(Stored items from a collection)
◆ ◆ ◆ ◆ ◆ ◆ ◆

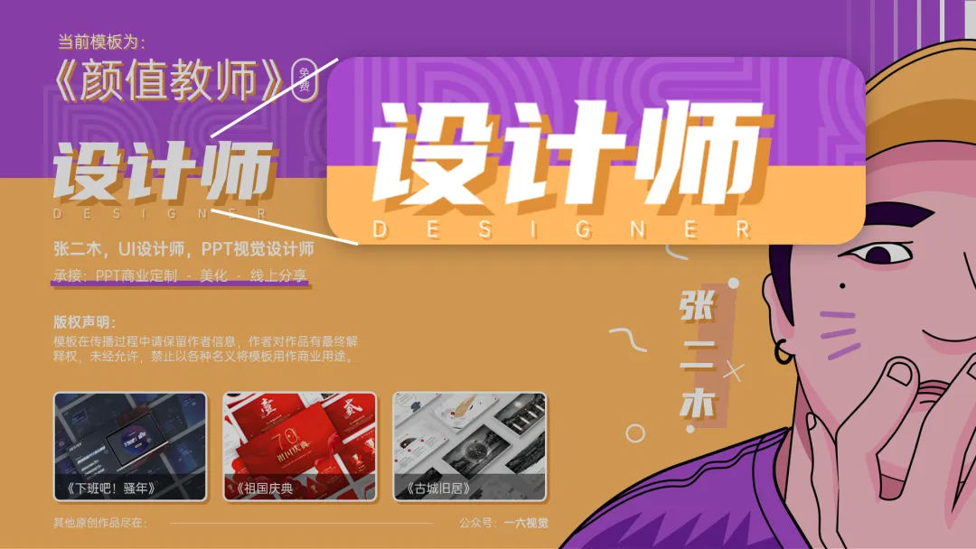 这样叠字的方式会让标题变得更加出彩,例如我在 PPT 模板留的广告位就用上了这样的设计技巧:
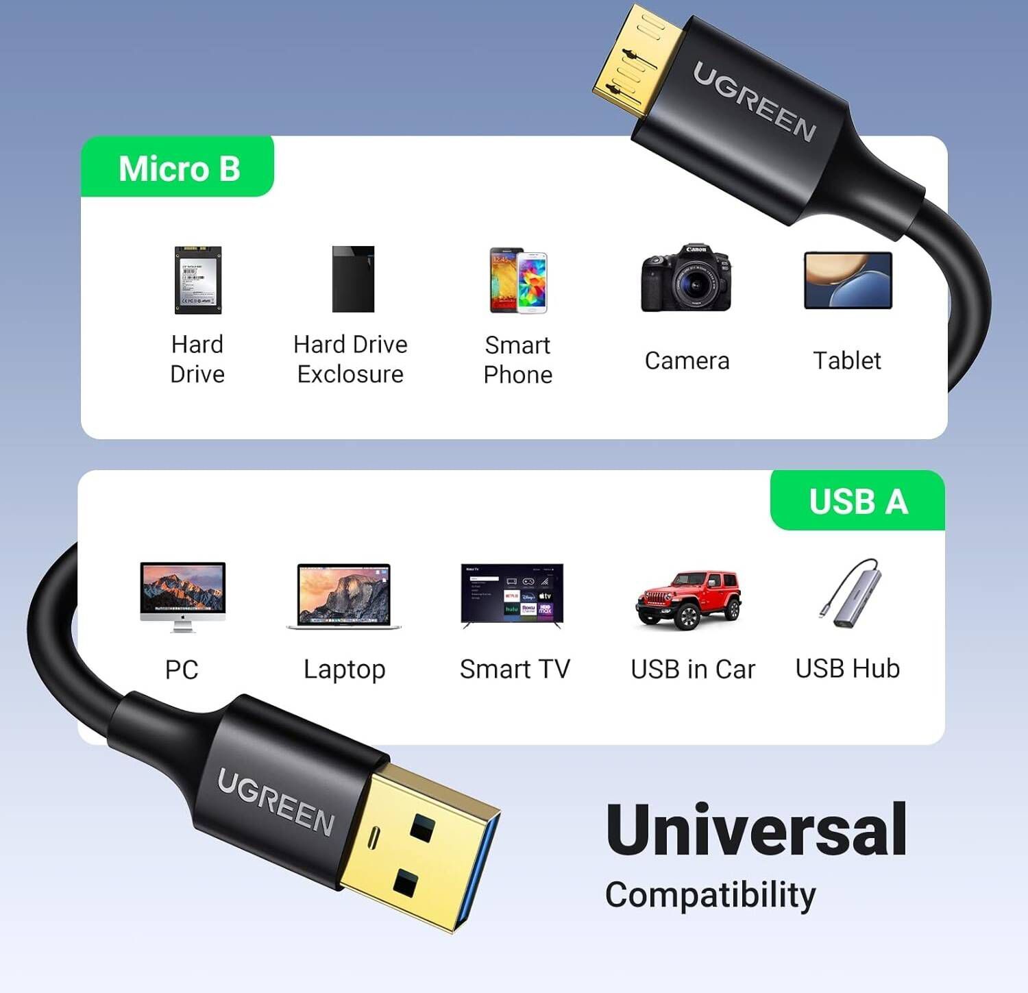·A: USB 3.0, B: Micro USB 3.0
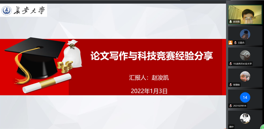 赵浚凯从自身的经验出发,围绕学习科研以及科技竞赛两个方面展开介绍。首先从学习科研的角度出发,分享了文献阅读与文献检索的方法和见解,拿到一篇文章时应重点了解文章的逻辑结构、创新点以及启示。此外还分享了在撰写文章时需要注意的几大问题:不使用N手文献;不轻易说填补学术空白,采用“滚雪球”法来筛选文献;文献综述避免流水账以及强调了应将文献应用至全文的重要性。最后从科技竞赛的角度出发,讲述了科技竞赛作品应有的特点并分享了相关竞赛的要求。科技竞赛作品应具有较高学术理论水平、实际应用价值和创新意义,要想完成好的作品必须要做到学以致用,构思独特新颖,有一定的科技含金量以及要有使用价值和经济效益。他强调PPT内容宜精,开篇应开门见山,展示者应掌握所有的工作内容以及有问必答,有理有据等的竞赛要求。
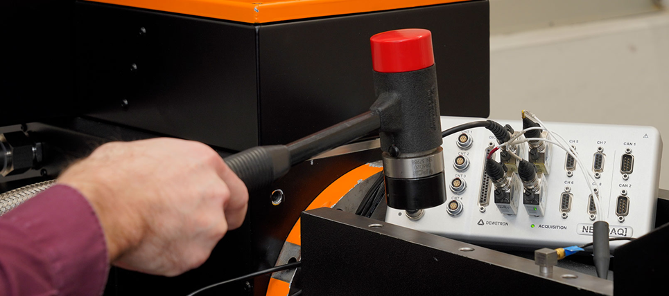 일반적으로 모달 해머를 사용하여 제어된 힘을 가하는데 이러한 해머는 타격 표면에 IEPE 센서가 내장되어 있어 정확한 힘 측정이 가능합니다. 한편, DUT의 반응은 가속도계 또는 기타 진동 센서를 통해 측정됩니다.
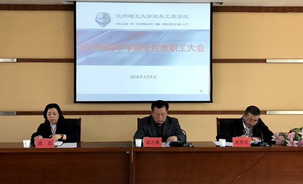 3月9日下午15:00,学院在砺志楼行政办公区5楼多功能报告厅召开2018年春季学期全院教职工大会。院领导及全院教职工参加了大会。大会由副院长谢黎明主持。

◆ ◆ ◆ ◆ ◆ ◆ ◆

**The task**
An exact copy of every entry above is required, without the pictures.

**Response to this task**
 这样叠字的方式会让标题变得更加出彩,例如我在 PPT 模板留的广告位就用上了这样的设计技巧:
·A: USB 3.0, B: Micro USB 3.0
 赵浚凯从自身的经验出发,围绕学习科研以及科技竞赛两个方面展开介绍。首先从学习科研的角度出发,分享了文献阅读与文献检索的方法和见解,拿到一篇文章时应重点了解文章的逻辑结构、创新点以及启示。此外还分享了在撰写文章时需要注意的几大问题:不使用N手文献;不轻易说填补学术空白,采用“滚雪球”法来筛选文献;文献综述避免流水账以及强调了应将文献应用至全文的重要性。最后从科技竞赛的角度出发,讲述了科技竞赛作品应有的特点并分享了相关竞赛的要求。科技竞赛作品应具有较高学术理论水平、实际应用价值和创新意义,要想完成好的作品必须要做到学以致用,构思独特新颖,有一定的科技含金量以及要有使用价值和经济效益。他强调PPT内容宜精,开篇应开门见山,展示者应掌握所有的工作内容以及有问必答,有理有据等的竞赛要求。
 일반적으로 모달 해머를 사용하여 제어된 힘을 가하는데 이러한 해머는 타격 표면에 IEPE 센서가 내장되어 있어 정확한 힘 측정이 가능합니다. 한편, DUT의 반응은 가속도계 또는 기타 진동 센서를 통해 측정됩니다.
 3月9日下午15:00,学院在砺志楼行政办公区5楼多功能报告厅召开2018年春季学期全院教职工大会。院领导及全院教职工参加了大会。大会由副院长谢黎明主持。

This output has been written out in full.